リーダーの資質を問う、極めてシンプルな行動理由
このエピソード自体は決して大きなことではないが、たとえ自分がどんな立場であっても、自身の「肩書き」に囚われず、その時必要なことを自然にできるか、という姿勢がリーダーには問われる。そこにあるのは、「チームとして、より良い仕事をするために、自分が出来ることをやる」という極めてシンプルな行動理由ではないだろうか。
人は肩書きという「ラベル」が付けられると、「肩書き外」のことを自分の責務だと思えなくなる。
ある人に「新人」というラベルが付いていれば、雑務も重要な責務の一つであると暗黙のうちに捉えるが、「社長」というラベルが付いていればそうではないだろう。

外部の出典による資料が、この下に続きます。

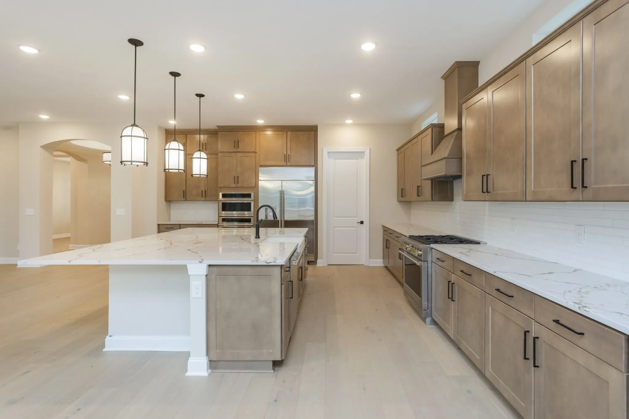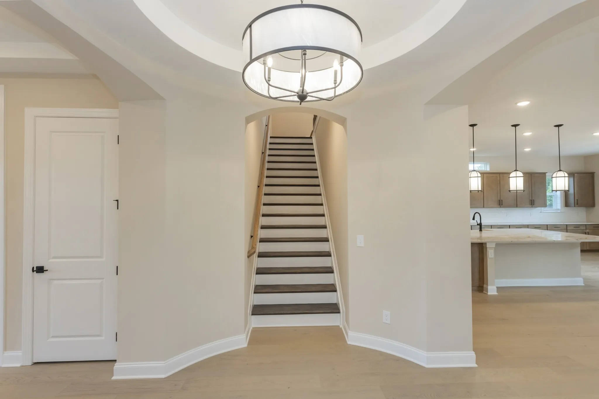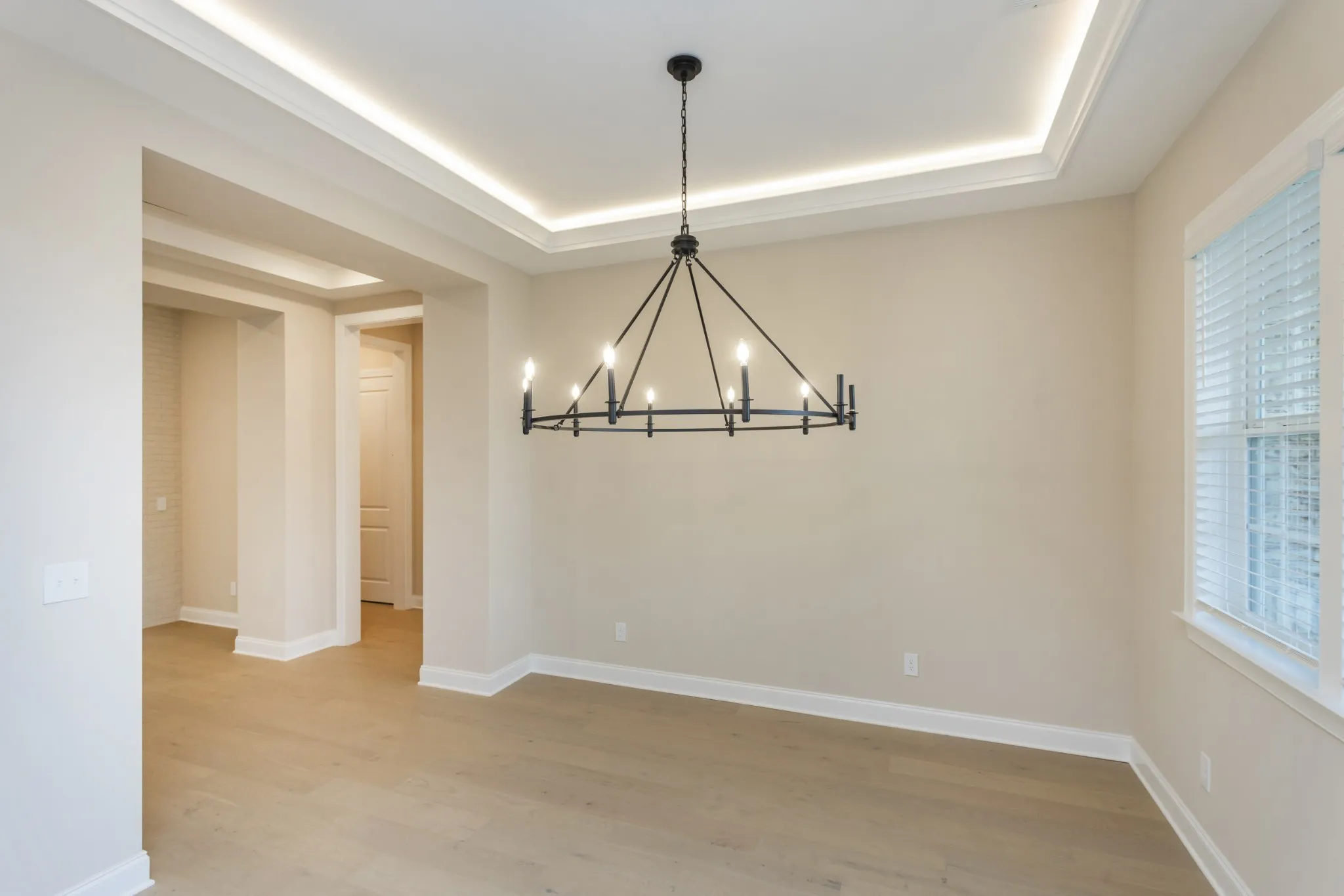 The luxurious primary suite on the main floor includes a tray ceiling, a spa-inspired deluxe bathroom, and a large walk-in closet for the ultimate retreat. Two additional bedrooms with walk-in closets and a shared bathroom, along with a powder room, complete the main level.

しかし前述のように、内村は「肩書き外」のことを当たり前にやる。
他人の立場やポジションにニュートラルであるがゆえに、自分自身の立場も「変更可能」なニュートラルなものにできている。
例えば、クライアントに向けたプレゼンの戦略を組み立て、周囲の部下に指示を出している上司がいる。そんな彼が、コピー用紙の補充や休憩時のコーヒー出しを特に何も言わずにしてくれていたら、そんな姿を見た周りの部下や後輩はどう思うだろうか。
大会議室での会議終わり、机や椅子の位置をもとに戻す作業をリーダーが率先してやってくれていたらどう感じるだろうか。

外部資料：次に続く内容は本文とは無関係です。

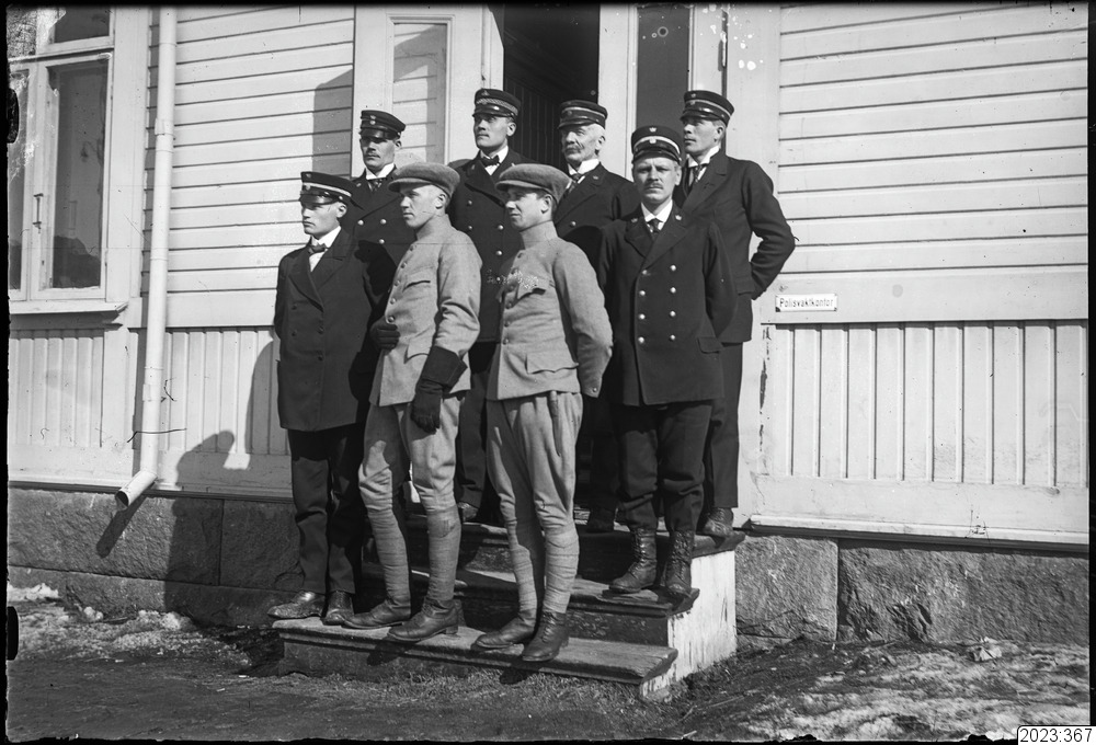 och kriget, stående på polisvaktskontorets trappa. Tid: 1918.

世間一般では若手社員に任せてもいいようなことを、自ら進んでやっている姿は、たとえ一つ一つは小さなことであっても、それが当たり前のことであっても、その積み重ねがリーダーへの好意を生み出す。
このように「リーダー」という存在がその肩書き外のことを当たり前のようにやる姿勢は、部下や後輩が「尽くしたくなる」動機となる。